Брюннер. Да. Какое мужество, а? Аль, дорогой Аль, вот уже два года мы ищем такого молодого человека, но на сей раз… Господин Этьен не чета этому бедняге Кавайя… — Они оба рассмеялись. — Он был до того уродлив, до того уродлив! Очень способный, безусловно очень способный человек, но с такой наружностью, что я сказал Алю: «Нет, дорогой Аль, нет, он нам решительно повредит!»
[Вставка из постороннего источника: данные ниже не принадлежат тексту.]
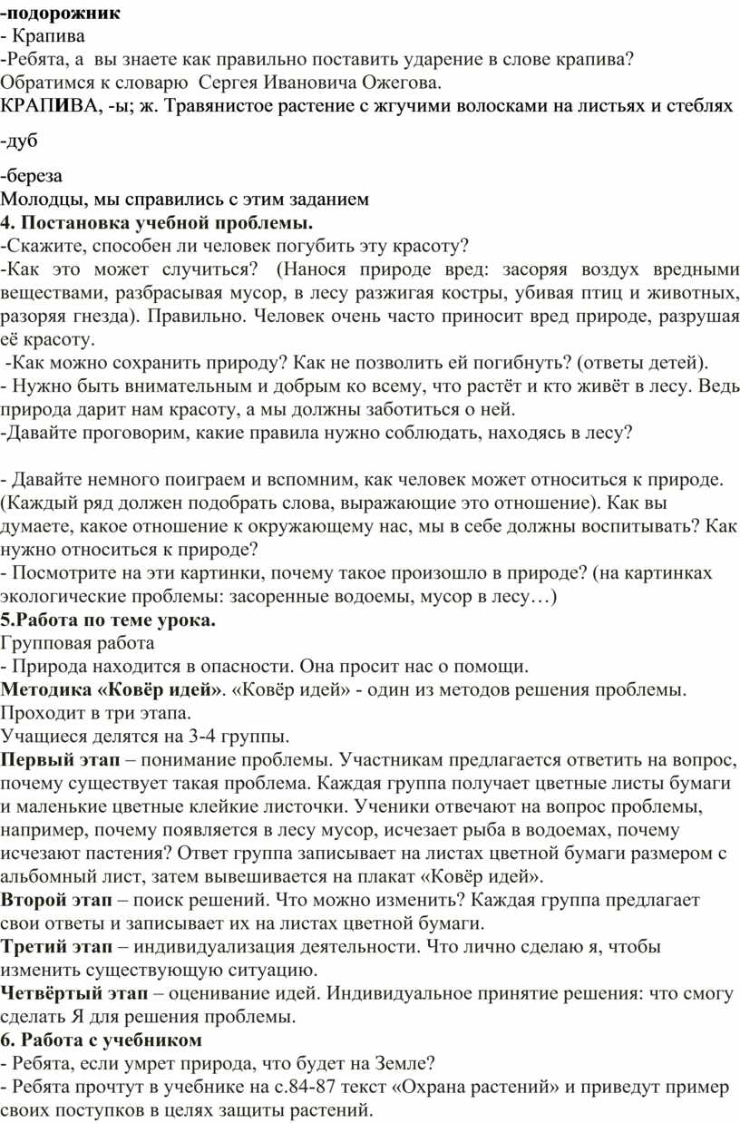- Ребята прочтут в учебнике на с.84-87 текст «Охрана растений» и приведут

Так они обхаживали вас около часа, смеясь, расспрашивая, делая комплименты. Это был очень приятный час. «Твое счастье в том, что ты работаешь для себя, только для себя, для человека, которым ты будешь через пятнадцать или двадцать лет». Теперь этот момент наступил.

— Вы доставили бы вашему отцу много радостей.

Язык, которым говорят с лицеистами, язык классного наставника. Как хорошо вы знали этот язык! Это была еще одна раздача наград. Последняя, самая волнующая, заключительная. Венец всему. Вы были все тем же отличным учеником скромного происхождения, и, когда они заговорили о вашем окладе, когда они назвали цифру, вы вдруг поняли, что нет более назидательной истории, чем ваша. Вы не надеялись и на половину того, что вам обещали. Вам понадобилось услышать эту цифру, чтобы отдать себе отчет в том, чего вы достигли.

После того как вы столько работали для себя, вы могли, наконец, поработать немного и для других.

Теперь у вас, должно быть, восемьсот тысяч франков на текущем счету. Сколько времени может жить человек на восемьсот тысяч франков? Не будем говорить о квартире: остается двадцать два года и семь месяцев, двести семьдесят один взнос, или, в общей сложности, около трех миллионов. Сколько времени вы сможете жить на эти деньги? Быть может, вам бы следовало принять чек, который предлагал Леньо-Ренге. Есть своего рода глупая честность, и теперь вы узнали…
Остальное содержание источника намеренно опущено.